Une fourchette courte est généralement plus adaptée lorsque plusieurs éléments du poste restent à préciser. France Travail recommande également cette approche afin de laisser une place à la négociation. Si l’entreprise a déjà annoncé une rémunération fixe et non négociable, il est en revanche possible de confirmer directement son accord ou son désaccord.
Faut-il parler en salaire brut ou en salaire net ?
Dans un recrutement salarié en France, raisonner en brut permet habituellement une comparaison plus claire entre candidats et employeurs. Il faut toutefois préciser s’il s’agit du fixe annuel, du fixe mensuel ou de la rémunération globale. Une conversion mensuelle doit également tenir compte d’un éventuel treizième mois ou d’autres particularités contractuelles.
Lorsqu’un recruteur demande le salaire actuel ou précédent, le candidat peut recentrer courtoisement la discussion sur le poste proposé : « Je préfère raisonner à partir du périmètre et de la valeur de cette fonction. Pour ce poste, ma fourchette cible est… » Cette réponse évite le conflit tout en fournissant l’information réellement utile à la négociation.
Peut-on demander directement le budget du poste ?
Oui. Une formulation simple suffit : « Quelle fourchette avez-vous prévue pour ce poste ? » Cette question est particulièrement pertinente lorsque l’annonce ne permet pas de connaître le niveau de rémunération. Elle peut également éviter plusieurs étapes de recrutement lorsque les attentes sont manifestement incompatibles.

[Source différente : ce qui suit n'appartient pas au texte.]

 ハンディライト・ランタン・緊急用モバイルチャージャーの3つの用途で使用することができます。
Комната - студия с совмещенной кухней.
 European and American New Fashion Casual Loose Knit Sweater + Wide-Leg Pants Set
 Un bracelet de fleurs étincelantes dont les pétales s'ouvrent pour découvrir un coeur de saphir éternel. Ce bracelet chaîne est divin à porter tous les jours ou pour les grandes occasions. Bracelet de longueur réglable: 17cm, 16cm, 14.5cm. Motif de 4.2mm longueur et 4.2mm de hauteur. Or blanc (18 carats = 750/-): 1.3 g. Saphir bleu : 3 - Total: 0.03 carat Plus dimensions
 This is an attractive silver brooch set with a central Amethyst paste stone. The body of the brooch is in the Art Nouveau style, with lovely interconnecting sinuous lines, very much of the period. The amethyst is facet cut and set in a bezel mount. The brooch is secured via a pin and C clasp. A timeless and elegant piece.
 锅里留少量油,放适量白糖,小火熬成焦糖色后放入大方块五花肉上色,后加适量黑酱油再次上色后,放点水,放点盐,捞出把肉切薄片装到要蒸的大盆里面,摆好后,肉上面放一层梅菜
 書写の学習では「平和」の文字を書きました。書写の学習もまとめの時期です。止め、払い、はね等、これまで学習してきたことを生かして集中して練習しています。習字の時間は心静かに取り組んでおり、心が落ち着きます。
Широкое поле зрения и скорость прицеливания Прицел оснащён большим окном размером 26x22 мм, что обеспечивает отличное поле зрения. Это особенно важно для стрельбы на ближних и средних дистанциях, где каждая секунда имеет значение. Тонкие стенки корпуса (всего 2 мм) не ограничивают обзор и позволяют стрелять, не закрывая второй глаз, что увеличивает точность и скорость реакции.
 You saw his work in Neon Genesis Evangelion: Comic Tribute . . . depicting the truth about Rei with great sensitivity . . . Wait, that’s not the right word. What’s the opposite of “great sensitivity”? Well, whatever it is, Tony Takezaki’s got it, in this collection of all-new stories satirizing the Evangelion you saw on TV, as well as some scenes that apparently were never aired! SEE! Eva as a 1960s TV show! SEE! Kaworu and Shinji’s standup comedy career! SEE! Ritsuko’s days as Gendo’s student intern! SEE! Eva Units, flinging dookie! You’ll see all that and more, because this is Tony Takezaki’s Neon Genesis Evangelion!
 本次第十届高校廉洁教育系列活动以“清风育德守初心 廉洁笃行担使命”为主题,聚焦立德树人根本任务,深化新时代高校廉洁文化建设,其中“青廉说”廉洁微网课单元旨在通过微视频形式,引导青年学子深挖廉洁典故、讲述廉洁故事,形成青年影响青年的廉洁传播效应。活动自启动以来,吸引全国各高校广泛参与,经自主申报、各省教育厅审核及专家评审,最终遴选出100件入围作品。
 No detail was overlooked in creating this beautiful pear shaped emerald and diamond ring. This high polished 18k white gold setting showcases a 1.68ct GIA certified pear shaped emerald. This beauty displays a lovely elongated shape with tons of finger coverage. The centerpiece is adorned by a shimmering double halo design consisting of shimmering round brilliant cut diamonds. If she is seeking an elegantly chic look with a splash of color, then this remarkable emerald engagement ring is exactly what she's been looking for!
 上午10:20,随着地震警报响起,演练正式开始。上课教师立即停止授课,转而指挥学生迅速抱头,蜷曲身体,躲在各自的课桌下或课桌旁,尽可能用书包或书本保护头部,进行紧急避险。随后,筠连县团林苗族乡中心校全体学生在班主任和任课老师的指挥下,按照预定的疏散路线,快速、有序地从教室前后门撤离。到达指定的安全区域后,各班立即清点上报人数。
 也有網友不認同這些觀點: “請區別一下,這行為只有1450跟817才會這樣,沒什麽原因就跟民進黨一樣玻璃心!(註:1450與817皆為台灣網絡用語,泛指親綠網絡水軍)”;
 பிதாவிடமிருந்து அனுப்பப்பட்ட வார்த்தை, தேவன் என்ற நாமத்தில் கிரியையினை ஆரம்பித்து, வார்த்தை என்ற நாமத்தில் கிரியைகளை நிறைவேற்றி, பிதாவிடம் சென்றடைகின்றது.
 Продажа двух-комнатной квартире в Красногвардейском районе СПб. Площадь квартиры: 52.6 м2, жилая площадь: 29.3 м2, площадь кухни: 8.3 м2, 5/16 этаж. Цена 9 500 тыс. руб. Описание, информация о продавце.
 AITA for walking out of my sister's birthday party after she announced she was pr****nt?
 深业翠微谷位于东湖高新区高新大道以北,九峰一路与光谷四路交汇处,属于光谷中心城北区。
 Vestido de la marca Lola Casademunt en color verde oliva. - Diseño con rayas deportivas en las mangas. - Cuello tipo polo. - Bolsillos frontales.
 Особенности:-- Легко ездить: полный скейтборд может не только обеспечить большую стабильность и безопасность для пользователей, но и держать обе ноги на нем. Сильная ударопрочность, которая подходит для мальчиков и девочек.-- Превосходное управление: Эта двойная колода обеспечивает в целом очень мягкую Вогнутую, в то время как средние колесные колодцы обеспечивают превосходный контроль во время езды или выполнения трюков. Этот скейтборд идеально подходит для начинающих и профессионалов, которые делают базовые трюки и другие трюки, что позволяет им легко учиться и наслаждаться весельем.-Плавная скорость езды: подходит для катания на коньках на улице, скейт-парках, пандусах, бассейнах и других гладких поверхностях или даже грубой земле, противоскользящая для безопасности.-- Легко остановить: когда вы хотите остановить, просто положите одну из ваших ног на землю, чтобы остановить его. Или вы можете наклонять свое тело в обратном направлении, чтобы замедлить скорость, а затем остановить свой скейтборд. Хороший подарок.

Que faire lorsque l’offre est inférieure à sa fourchette ?
Il faut d’abord vérifier que les mêmes éléments sont comparés. Une offre de 42 k€ fixe avec un variable réaliste et plusieurs avantages ne se compare pas automatiquement à une rémunération de 44 k€ entièrement fixe. Ensuite, le candidat peut demander quels éléments sont négociables et sur quels critères une future révision serait fondée.
Quels repères un employeur doit-il utiliser ?
Les critères doivent être objectifs et cohérents : classification, responsabilités, expérience réellement utile, compétences attendues, autonomie ou management, par exemple. Le Code du travail pose par ailleurs le principe d’égalité de rémunération entre les femmes et les hommes pour un même travail ou un travail de valeur égale, et interdit les discriminations dans le recrutement.
Conclusion
La réponse la plus efficace associe une fourchette crédible, une unité de comparaison claire et deux ou trois arguments directement liés au poste. Elle laisse de la place à la négociation sans masquer les limites de chaque partie.
Pour les TPE et PME, l’enjeu dépasse la seule aisance du candidat : une politique de rémunération lisible, des budgets préparés en amont et des critères de positionnement cohérents simplifient le recrutement et renforcent l’équité interne. Plus le cadre est clair avant l’entretien, moins la négociation dépend du talent individuel à marchander son salaire.